The repurposing of housing is likely. I live in a one-bedroom flat and, without a doubt, if I am to continue working from home, I will have to reconsider where I live. There will be a lot of changes to come.
Emma Harper wants to come in on a point that was raised earlier.
Part of the questioning on transportation was about whether there will be any Brexit-related issues that have significant financial or policy implications for the Scottish Government. Russel Griggs mentioned free ports. I know that consultations on free ports have been undertaken and I am concerned about issues around them. It would be interesting to hear a quick response on that, although a written response would be okay, as well.
We will have to take a written response, due to the time.
That brings us to the end of the evidence session. I thank all those who have taken the time to give evidence on this subject. It is important to the committee and the work that we do, so I thank the witnesses for their time and, in some cases, for working through difficulties with internet connections.
European Union (Withdrawal) Act 2018 and Agriculture Bill
European Union (Withdrawal) Act 2018 and Agriculture Bill
Organic Products (Production and Control) (Amendment) (EU Exit) Regulations 2020
For the next item, we have received consent notifications in relation to five UK statutory instruments, as detailed on the agenda.

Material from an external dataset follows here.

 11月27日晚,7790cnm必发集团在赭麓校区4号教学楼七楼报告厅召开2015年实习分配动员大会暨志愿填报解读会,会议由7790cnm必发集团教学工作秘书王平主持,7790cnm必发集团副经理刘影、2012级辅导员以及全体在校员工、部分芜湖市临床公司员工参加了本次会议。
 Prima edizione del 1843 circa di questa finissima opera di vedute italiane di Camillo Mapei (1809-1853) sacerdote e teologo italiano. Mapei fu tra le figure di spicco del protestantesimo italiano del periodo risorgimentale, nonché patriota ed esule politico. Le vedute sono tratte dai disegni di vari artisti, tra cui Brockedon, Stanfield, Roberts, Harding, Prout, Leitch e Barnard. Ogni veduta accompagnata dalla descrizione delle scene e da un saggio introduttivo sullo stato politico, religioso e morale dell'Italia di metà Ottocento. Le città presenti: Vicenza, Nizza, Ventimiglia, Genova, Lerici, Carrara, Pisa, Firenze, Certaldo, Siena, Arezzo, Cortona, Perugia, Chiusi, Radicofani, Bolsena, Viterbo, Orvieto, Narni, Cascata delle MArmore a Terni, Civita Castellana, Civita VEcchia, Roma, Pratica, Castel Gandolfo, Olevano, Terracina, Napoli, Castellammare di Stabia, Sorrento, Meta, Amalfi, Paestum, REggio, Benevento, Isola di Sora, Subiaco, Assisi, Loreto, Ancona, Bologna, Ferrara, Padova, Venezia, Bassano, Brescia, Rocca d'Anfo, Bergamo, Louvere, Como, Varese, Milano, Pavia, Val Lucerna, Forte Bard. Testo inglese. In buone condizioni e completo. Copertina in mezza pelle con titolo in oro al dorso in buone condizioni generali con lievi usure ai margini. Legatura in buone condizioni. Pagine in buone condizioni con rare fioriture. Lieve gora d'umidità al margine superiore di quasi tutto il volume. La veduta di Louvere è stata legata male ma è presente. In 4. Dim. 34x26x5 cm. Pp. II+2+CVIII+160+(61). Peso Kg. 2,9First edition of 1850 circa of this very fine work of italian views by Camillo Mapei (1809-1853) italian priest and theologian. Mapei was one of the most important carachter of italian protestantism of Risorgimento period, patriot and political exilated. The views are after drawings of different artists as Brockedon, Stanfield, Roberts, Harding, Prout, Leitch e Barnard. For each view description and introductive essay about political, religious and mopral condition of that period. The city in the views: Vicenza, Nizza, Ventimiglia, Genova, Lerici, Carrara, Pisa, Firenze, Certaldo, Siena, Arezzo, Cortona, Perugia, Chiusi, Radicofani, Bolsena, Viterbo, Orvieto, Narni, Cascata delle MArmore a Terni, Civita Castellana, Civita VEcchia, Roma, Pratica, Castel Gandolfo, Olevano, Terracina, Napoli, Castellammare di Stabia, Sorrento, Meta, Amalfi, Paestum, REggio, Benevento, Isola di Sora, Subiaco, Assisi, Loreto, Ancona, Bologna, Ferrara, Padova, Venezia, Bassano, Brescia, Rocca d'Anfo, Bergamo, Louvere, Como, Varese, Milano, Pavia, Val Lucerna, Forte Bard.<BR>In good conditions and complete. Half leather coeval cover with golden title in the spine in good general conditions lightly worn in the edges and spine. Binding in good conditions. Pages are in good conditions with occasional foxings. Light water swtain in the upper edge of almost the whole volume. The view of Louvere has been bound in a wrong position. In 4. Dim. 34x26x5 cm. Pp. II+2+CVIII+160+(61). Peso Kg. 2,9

The instruments are being laid in the UK Parliament in relation to the European Union (Withdrawal) Act 2018 and the UK Agriculture Bill.
The Scottish Government has provided clarification in writing on the Organic Products (Production and Control) (Amendment) (EU Exit) Regulations 2020, which has been circulated to members and is available on our web pages.

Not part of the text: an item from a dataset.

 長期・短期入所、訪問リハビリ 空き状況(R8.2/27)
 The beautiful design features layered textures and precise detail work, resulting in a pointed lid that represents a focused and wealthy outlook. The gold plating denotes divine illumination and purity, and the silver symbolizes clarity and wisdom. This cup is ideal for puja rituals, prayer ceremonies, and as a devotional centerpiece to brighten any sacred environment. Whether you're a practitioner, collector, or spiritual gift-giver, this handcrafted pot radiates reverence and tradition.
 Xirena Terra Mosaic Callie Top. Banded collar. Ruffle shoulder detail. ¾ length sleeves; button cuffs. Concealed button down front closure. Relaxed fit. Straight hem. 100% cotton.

It appears that members do not have any comments on the SIs. Does the committee agree to write to the Scottish Government to confirm that we are content for consent to be given to the UK SIs, as detailed on the agenda?
Members indicated agreement.
Does the committee agree to write to the Scottish Government asking it to notify the committee when the UK Agriculture Bill has been passed and of any changes to the bill that affect the notifications that we have been given, and to explain how the livestock information service will work in practice? Those two matters were raised in the briefing papers that have been circulated.
Members indicated agreement.
Thank you. That is the end of the public part of the meeting—we now go into private session.11:55 Meeting continued in private until 12:35.